GDPR & Privacy
The controller for the data processing activities carried out through www.sastipen.ro is the SASTIPEN Association – Roma Center for Health Policies, headquartered in Bucharest, Str. Triunghiului nr. 40, email office@sastipen.ro, telephone 0214560321. This policy applies to data submitted through the contact form, the discrimination reporting form, the reporting form for Roma health mediators, and other interactions initiated through the website.
Depending on the form used, we may process identification and contact data, information about the institution or community involved, the content of the report, descriptions of incidents, details of measures already taken, and possible supporting evidence. In reports concerning access to health services or discrimination, users may also submit special categories of data within the meaning of Article 9 GDPR, such as health data, elements that may reveal ethnic origin, or other sensitive information included by the person completing the form.
We process data in order to answer requests, assess reports, document reported cases, provide guidance or support, and, where appropriate, prepare institutional or legal steps requested by the data subject. For messages sent through the general contact form, the main legal basis is the legitimate interest of the organization to respond to communications received, under Article 6(1)(f) GDPR. For forms involving sensitive data or an express request for intervention, the legal basis is the explicit consent provided through the form, under Article 6(1)(a) and Article 9(2)(a) GDPR; where the information is necessary for the establishment, exercise, or defence of legal claims, processing may also continue to the extent permitted by Article 9(2)(f) GDPR and applicable Romanian law, including Law No. 190/2018.
Access to data is limited to authorized SASTIPEN staff and collaborators on a need-to-know basis.
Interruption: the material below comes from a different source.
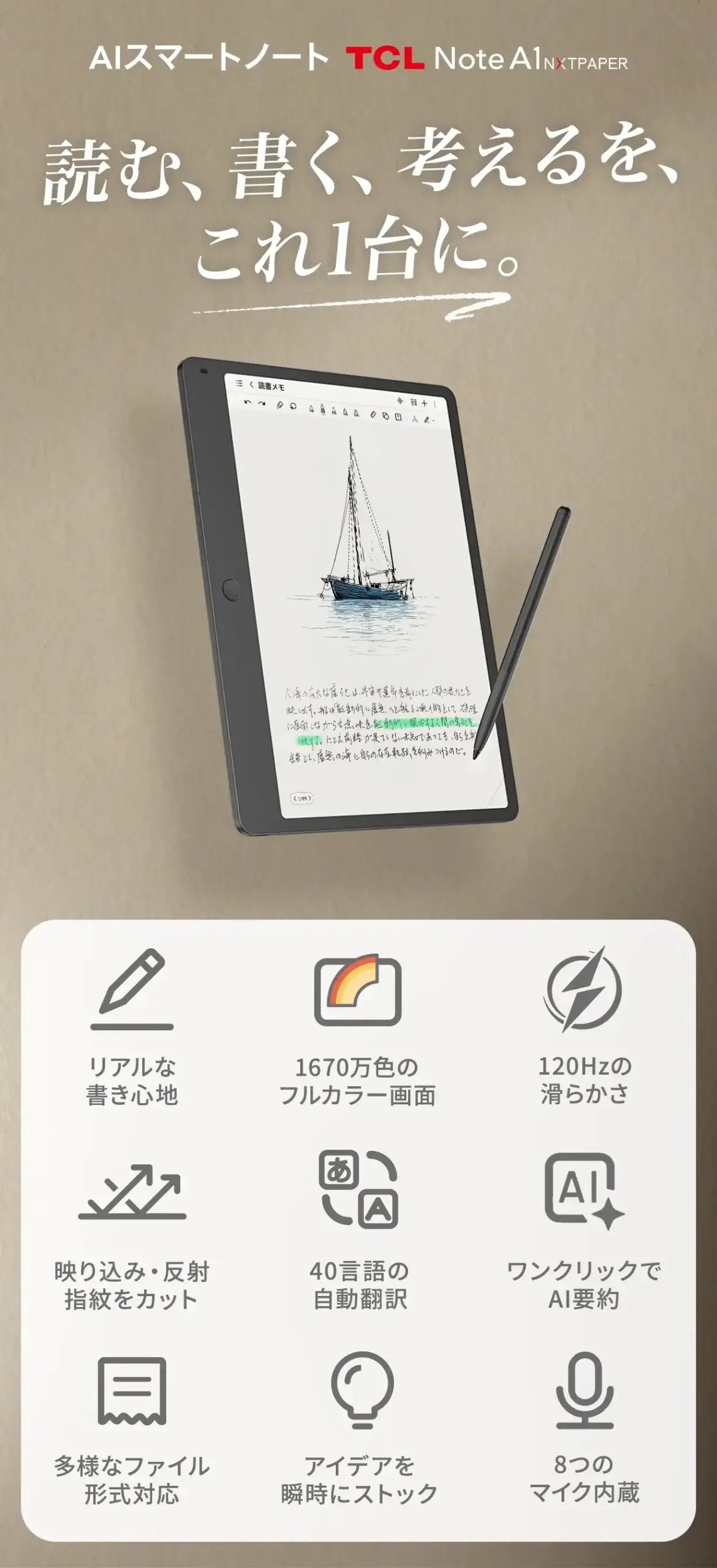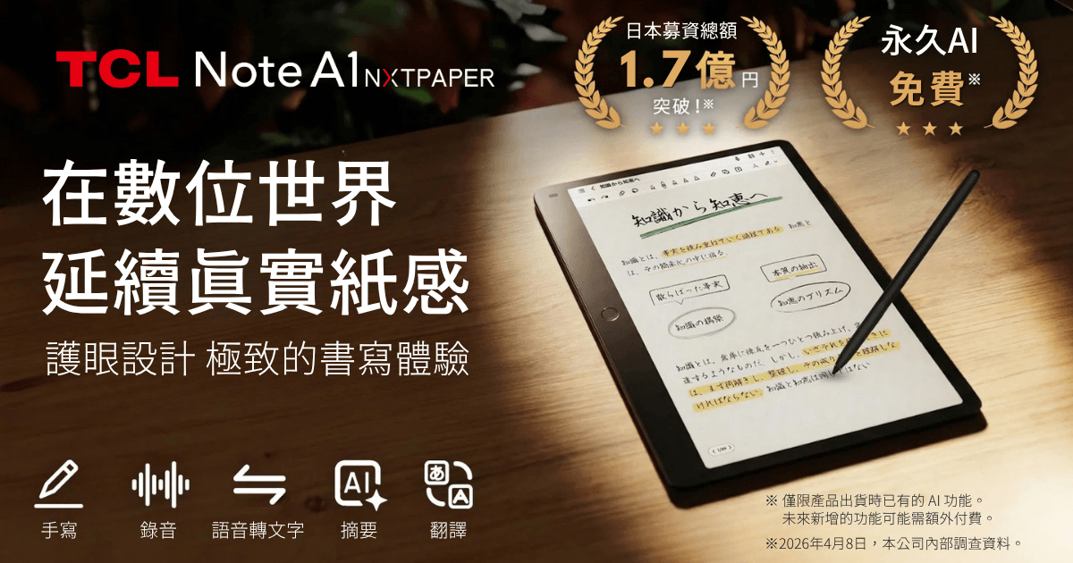 現在,您需要的不再只是一個螢幕,而是能將珍貴靈感從雜念中守護下來、喚醒創造力的最佳夥伴。「不干擾思考的速度」與「宛如紙張般的沉浸感」。將這份理想具象化的產品,正是TCL Note A1 NXTPAPER。

We may use technical providers for hosting, IT maintenance, email, or web infrastructure, acting as processors. We may disclose data to relevant authorities, institutions, or partners only when necessary for handling the case, when requested by the data subject, or when required by law. If, exceptionally, a provider involves transfers outside the European Economic Area, we rely on appropriate safeguards recognized by GDPR, such as standard contractual clauses or another applicable legal mechanism.
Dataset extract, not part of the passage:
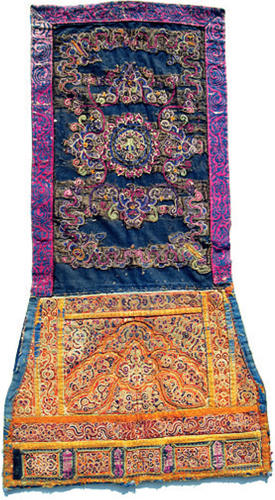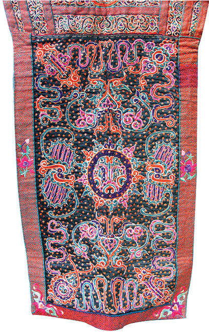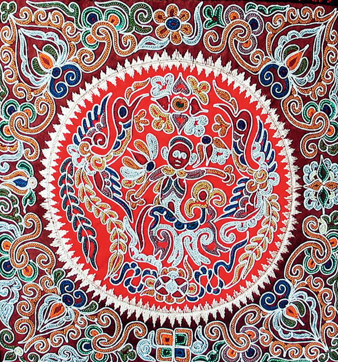 水族民间相传,很古的时候,太阳又毒又辣,把放在田边的一个水族孩子晒昏过去,这时飞来一只美丽的大蝴蝶,张开翅膀把阳光挡住,孩子在蝴蝶的保护下得救了。从此,水族妇女都要把蝴蝶绣在背扇上,保佑孩子健康成长。绣上“寿”字,是祈望孩子健康成长,长命百岁;绣上龙凤,是希望孩子将来成龙成凤,有出息;绣上鲤鱼、牡丹,是希望孩子吉祥如意,富贵腾达;绣上蜜蜂、石榴,是希望多子多福、勤劳发家。所有水族妇女绣制马尾绣背扇几乎都要在上面绣上龙、凤、鱼、蝴蝶和麒麟等能给人带来好运的吉祥图案,用这些吉祥的图案来寄托水族家庭对子女的期望。

We keep data only for as long as necessary for the purpose for which it was collected. General contact messages are stored for the time needed to reply and for a reasonable follow-up period. Reports and case submissions are stored for the duration of the assessment and intervention and afterwards according to internal archiving criteria, legal obligations, and applicable limitation periods. We apply reasonable technical and organizational measures designed to limit access, prevent unauthorized disclosure, and reduce the risk of loss, alteration, or misuse.
Data subjects have the right to information, access, rectification, erasure, restriction of processing, data portability, objection, and the right to withdraw consent at any time, without affecting the lawfulness of processing carried out before withdrawal. These rights may be exercised by contacting office@sastipen.ro. Data subjects also have the right to lodge a complaint with the Romanian supervisory authority, the National Supervisory Authority for Personal Data Processing (ANSPDCP), available at www.dataprotection.ro, and to seek a judicial remedy.
Because the reporting forms may contain sensitive information, please submit only the data strictly necessary for assessing the case and avoid excessive information about third parties. If you report a case on behalf of another person, you should have a legitimate basis to provide that information or anonymize the data where identification is not necessary. SASTIPEN may request clarifications, may limit the use of excessive information, and may anonymize data where this is possible and compatible with the purpose of the report.